Abdel-Ghany et al. [7,8] evaluated the temperature-humidity index (THI), the wet-bulb globe temperature (WBGT), the physiological effective temperature (PET), and the universal thermal climatic index (UTCI) as thermal comfort indices for an outdoor urban arid environment and concluded that the PET and UTCI scales can be used for an arid environment. Abdel-Ghany et al. [9] compared heat stress indices in summer for an arid environment and found that the stand-effective temperature (SET) is a better index than the THI, PET, or UTCI indices.
Anuja and Priya [10] proposed six thermal contort indices: THI, the Heat index (HI), the heat transfer coefficient (HTC), the tropical summer index (TSI), the apparent temperature (AT), and the WBGT. Ali and Patnaik [11] showed that the PET value is higher than 30 °C during the afternoon hours and used the PET value as the best index for a tropical city. Aghamohammadi et al. [12] used the PET value as the thermal comfort index for a tropical city and proposed an acceptable range of 25.9–32.3 °C.

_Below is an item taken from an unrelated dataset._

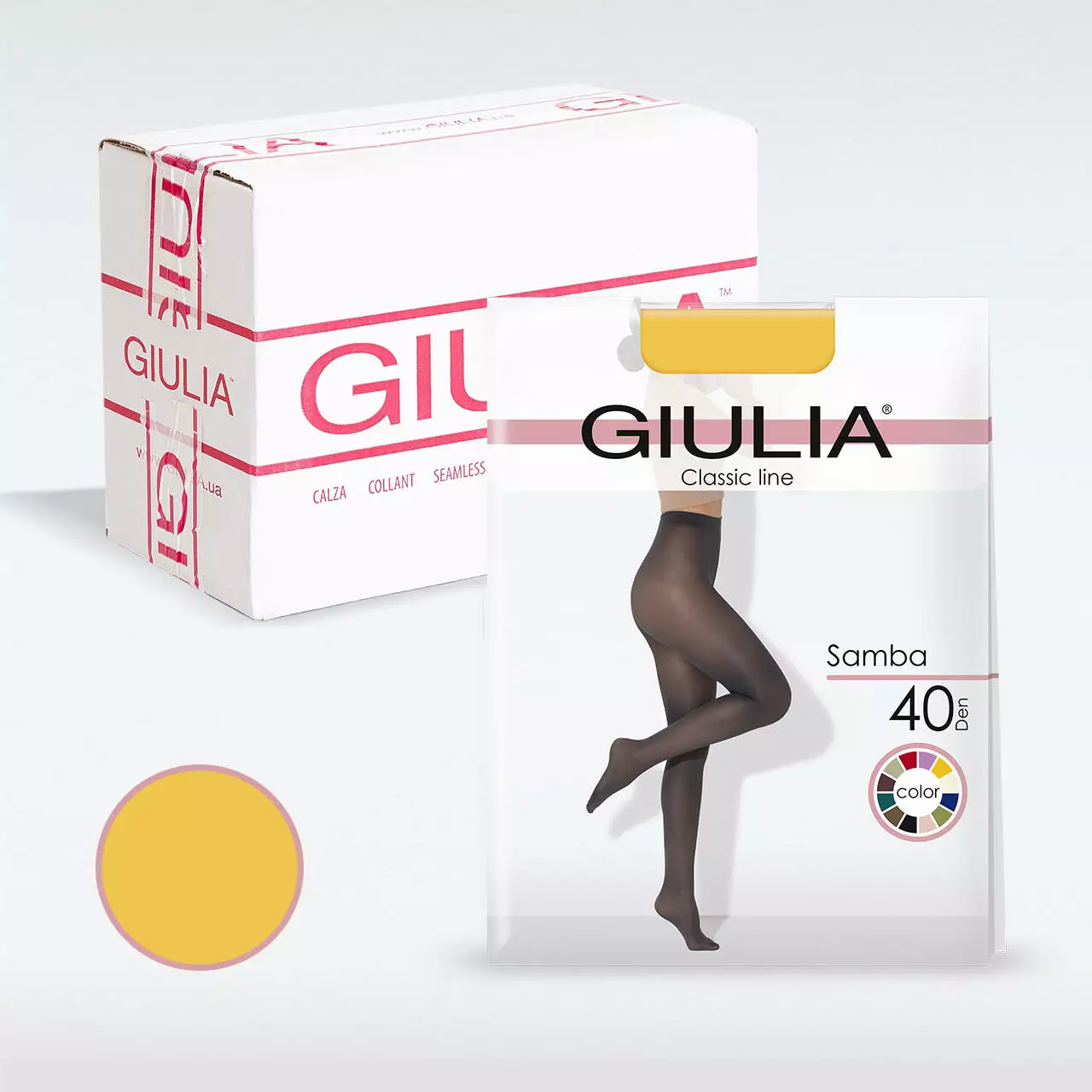 Модель колгот Giulia SAMBA 40 унікальна, бо має широку кольорову палітру для будь-якого образу та настрою. Ці однотонні матові колготки щільністю 40 den не тільки додають яскравих фарб до Вашого гардеробу, але й чудово доповнюють як святкові, так і повсякденні образи. У складі цих колгот збалансоване поєднання поліаміду та еластану дарує виробу м`якість, зносостійкість та гарну розтяжність. Для додаткового комфорту вони мають еластичний пояс та плоскі шви, які невидимі на тілі. Модель без шортиків чудово поєднується з короткими спідницями, сукнями або шортами і може стати ідеальною основою для тотал луку.

In terms of passive cooling and human comfort, Fairvey [13] noted that evaporative cooling is the most important mechanism for cooling body temperature. If the dry-bulb air temperature is less than the skin temperature and the air humidity is low, evaporation increases the dissipation of heat but this evaporative cooling of the air is not significant in warm and highly humid climates. The WBGT index considers the effect of the dry-bulb temperature, the wet-bulb temperature, air velocity, and solar radiation [14]. However, this index responds poorly to air humidity and movement and stress due to restricted evaporation is underestimated [14]. Heat stress for human beings due to high temperature and humidity must be considered.
Climate change has increased the temperature of the earth. A climate with high temperature and humidity is common in regions of South Asia and the Middle East. The wet-bulb temperature is the subject of many studies. If the ambient temperature is near or greater than the body temperature, evaporative cooling is the only method to reduce body temperature. However, if the relative humidity reaches saturation, evaporative cooling is inhibited and the wet-bulb temperature is close to the dry-bulb temperature. Sherwood and Huber [15] proposed the threshold of the wet-bulb temperature. If the wet-bulb temperature exceeds 35 °C for extended periods, the dissipation of heat from the human body is inhibited. A long period during which Tw > 35 °C is unsafe for humans [15]. Pal and Eltahir [16] used a regional climate model to simulate the extremes of Tw in the Arabian Gulf region and found specific regional hotspots where the threshold of 35 °C is exceeded. The value of Tw depends on temperature and humidity so Raymond et al. [17] used Tw as a proxy for the effect of heat on health and economic activity and found that the value of Tw is extremely high in the later- summer in the southern Great Plains and Southwest USA. Sherwood [15] studied Tw and WBGT and found that WBGT instruments are extremely rare. The Tw value depends on the thermodynamic principle that controls heat flux into or out of a wet object.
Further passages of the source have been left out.